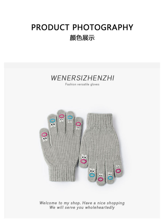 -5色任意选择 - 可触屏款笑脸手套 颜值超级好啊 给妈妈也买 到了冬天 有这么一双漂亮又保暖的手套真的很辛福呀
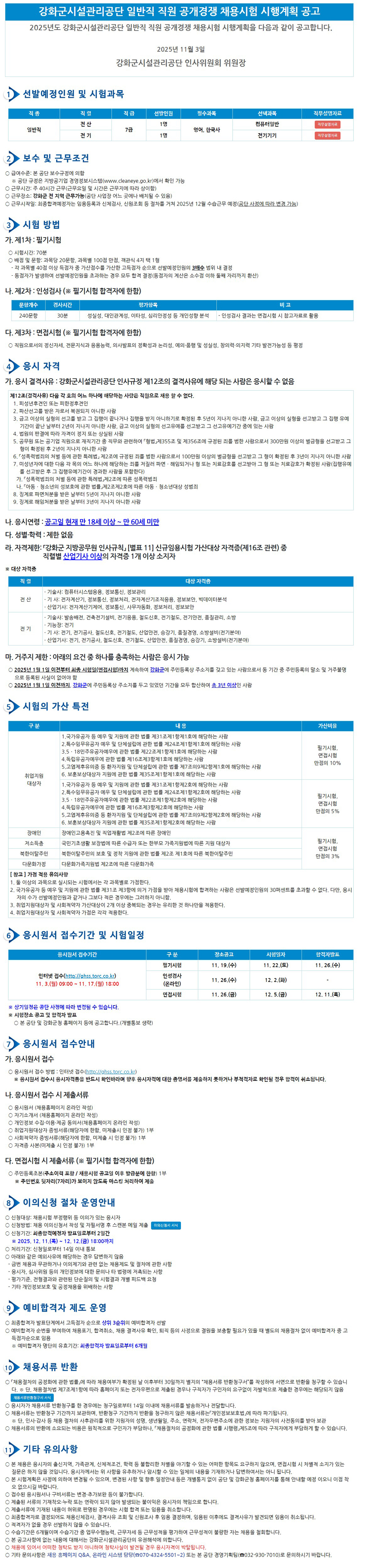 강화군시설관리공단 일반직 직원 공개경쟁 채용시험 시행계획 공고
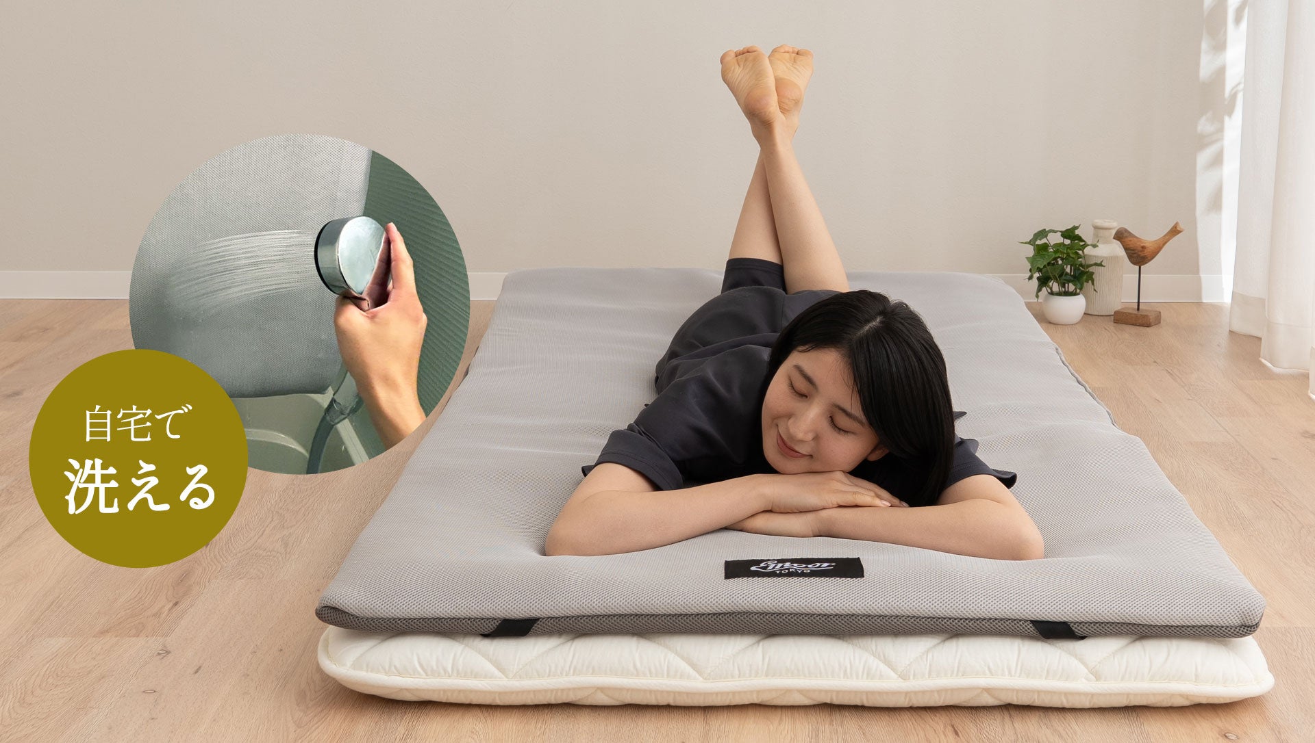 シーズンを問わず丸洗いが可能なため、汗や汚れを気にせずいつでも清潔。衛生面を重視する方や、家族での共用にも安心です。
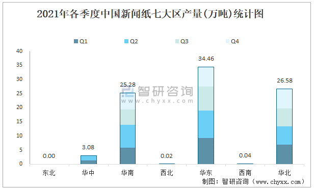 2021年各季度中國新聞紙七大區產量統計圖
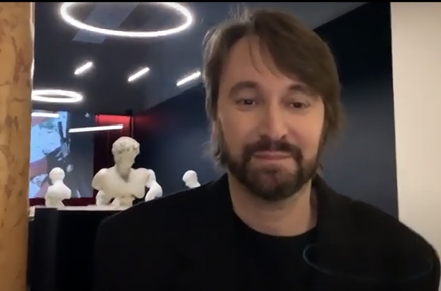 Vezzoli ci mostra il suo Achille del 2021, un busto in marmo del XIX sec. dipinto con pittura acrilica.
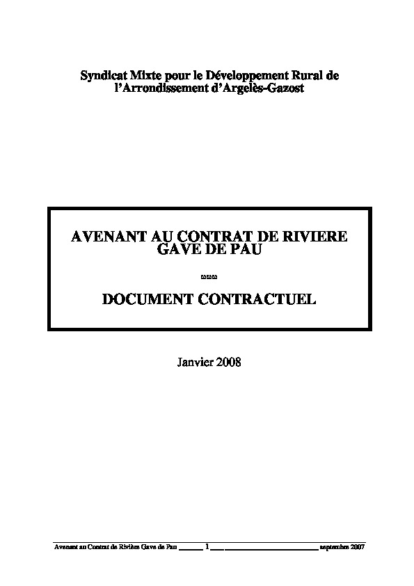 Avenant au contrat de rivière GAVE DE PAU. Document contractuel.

Your assignment:
Write out word for word every line from the line with "강화군시설관리공단 일반직 직원 공개경쟁 채용시험 시행계획 공고" through the final line of the records, both included, skipping the pictures.

Reply to the exercise:
 강화군시설관리공단 일반직 직원 공개경쟁 채용시험 시행계획 공고
 シーズンを問わず丸洗いが可能なため、汗や汚れを気にせずいつでも清潔。衛生面を重視する方や、家族での共用にも安心です。
 2021年各季度中國新聞紙七大區產量統計圖
 Vezzoli ci mostra il suo Achille del 2021, un busto in marmo del XIX sec. dipinto con pittura acrilica.
 Avenant au contrat de rivière GAVE DE PAU. Document contractuel.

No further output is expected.